Best way to analyze diversity of data with multiple factors


I am working on an assay to evaluate the impact of three factors on bacterial diversity: treatment (treatment1, treatment2, or control), dose (control or three different doses), and sample harvest time (t1 or t2). As I am not experienced with multivariate designs, I would appreciate your advice on analyzing diversity to highlight the potential effects of these factors. I am unsure if directly studying the effect of one factor on the entire dataset is appropriate, as the other two factors could mask some effects.

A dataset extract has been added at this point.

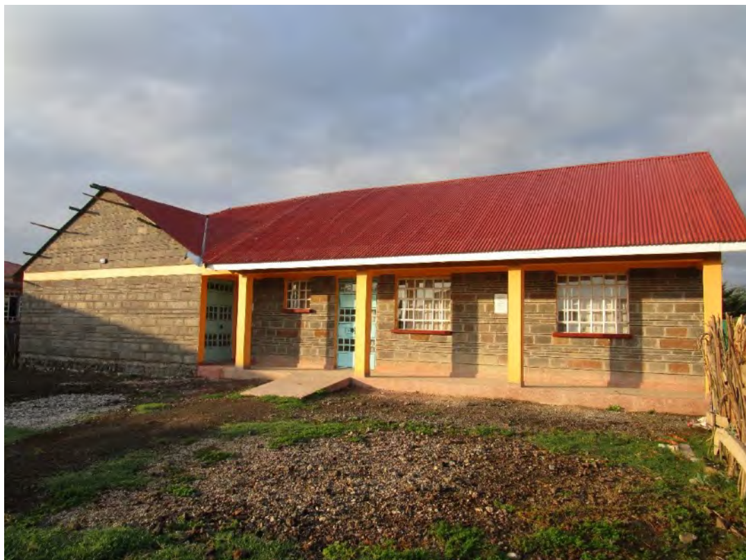
Links die neue Computerabteilung und rechts unsere Schneiderei

Regarding beta-diversity analysis: For instance, if I want to examine the dose effect only for samples harvested at t2, should I subset the data to include only t2 samples and then perform the qiime diversity beta-group-significance analysis? And what if I want to further analyze only samples harvested at t2 and treated with treatment1? Should I subset the data again to include only treatment1 samples?

I am also struggling to understand how the adonis test can be appropriately used here. If I suspect that the harvest time factor introduces more noise than information, what is the best way to proceed? I saw in another post that it is possible to 'remove' the variance of factors I am not interested in, but I couldn't figure out how to write the p-formula exactly.

For alpha-diversity analysis: I have the same question: should I subset the data to a certain level before performing the qiime diversity alpha-group-significance analysis, or is there a better approach?

Thank you in advance for your help!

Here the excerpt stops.